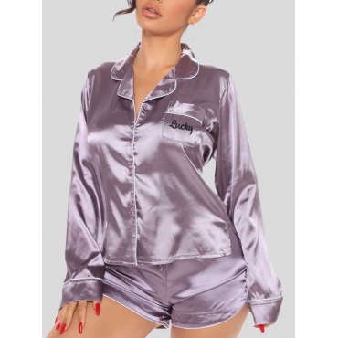 Lovely Casual Turndown Collar Print Purple Sleepwear
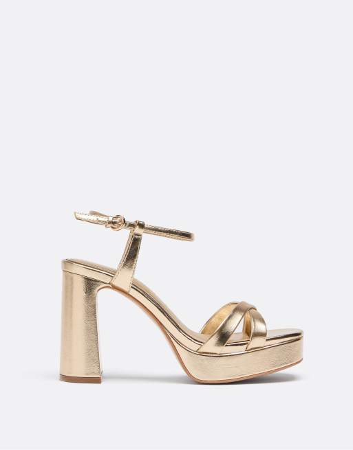 Stradivarius - Sandalen met plateauzool en blokhak in goud
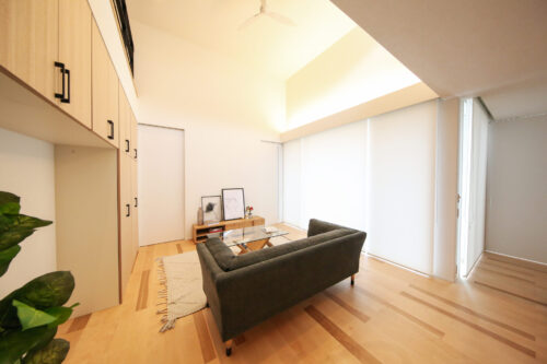 中庭に繋がる大きな窓が心地よい開放的なリビングルーム。プライバシーの確保と自然との繋がりを両立させた間取りです。
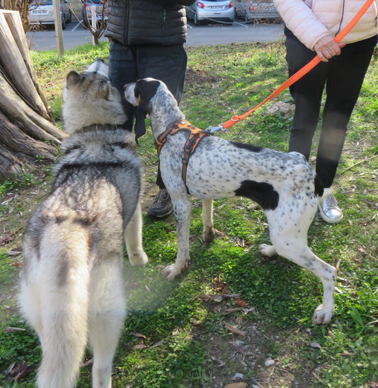 Quand nous sommes arrivées Lota n'était pas fière, les bruits de la ville ne lui étant pas familiers. Mais la présence de Sully l'a beaucoup aidée. Nous avons longuement fait le tour des jardins de la résidence avec Sully pour guide, puis il a bien fallu monter et prendre l'ascenseur... Une fois dans l'appartement Lota était surprise du bruit de ses pas sur le parquet, elle reniflait partout, curieuse. Les chats étaient enfermés dans une chambre nous els avons libérés. Ils sont habitués aux chiens. Nous ne savions pas comment Lota allait réagir...mais nous savons que els chiens de chasse ne chassent pas les chats! En général ils n'en n'ont jamais vu alors quand Lota les a vu débouler, elle a reculé pour se réfugier sur la terrasse! Finalement elle est allée délicatement les sentir...A part un coup de patte de bienvenue, ils ont bien réagi!

--- BRIEF ---
The pictures should not be reproduced; quote all of the other material exactly.

--- YOUR SOLUTION ---
 Lovely Casual Turndown Collar Print Purple Sleepwear
 Stradivarius - Sandalen met plateauzool en blokhak in goud
 中庭に繋がる大きな窓が心地よい開放的なリビングルーム。プライバシーの確保と自然との繋がりを両立させた間取りです。
 Quand nous sommes arrivées Lota n'était pas fière, les bruits de la ville ne lui étant pas familiers. Mais la présence de Sully l'a beaucoup aidée. Nous avons longuement fait le tour des jardins de la résidence avec Sully pour guide, puis il a bien fallu monter et prendre l'ascenseur... Une fois dans l'appartement Lota était surprise du bruit de ses pas sur le parquet, elle reniflait partout, curieuse. Les chats étaient enfermés dans une chambre nous els avons libérés. Ils sont habitués aux chiens. Nous ne savions pas comment Lota allait réagir...mais nous savons que els chiens de chasse ne chassent pas les chats! En général ils n'en n'ont jamais vu alors quand Lota les a vu débouler, elle a reculé pour se réfugier sur la terrasse! Finalement elle est allée délicatement les sentir...A part un coup de patte de bienvenue, ils ont bien réagi!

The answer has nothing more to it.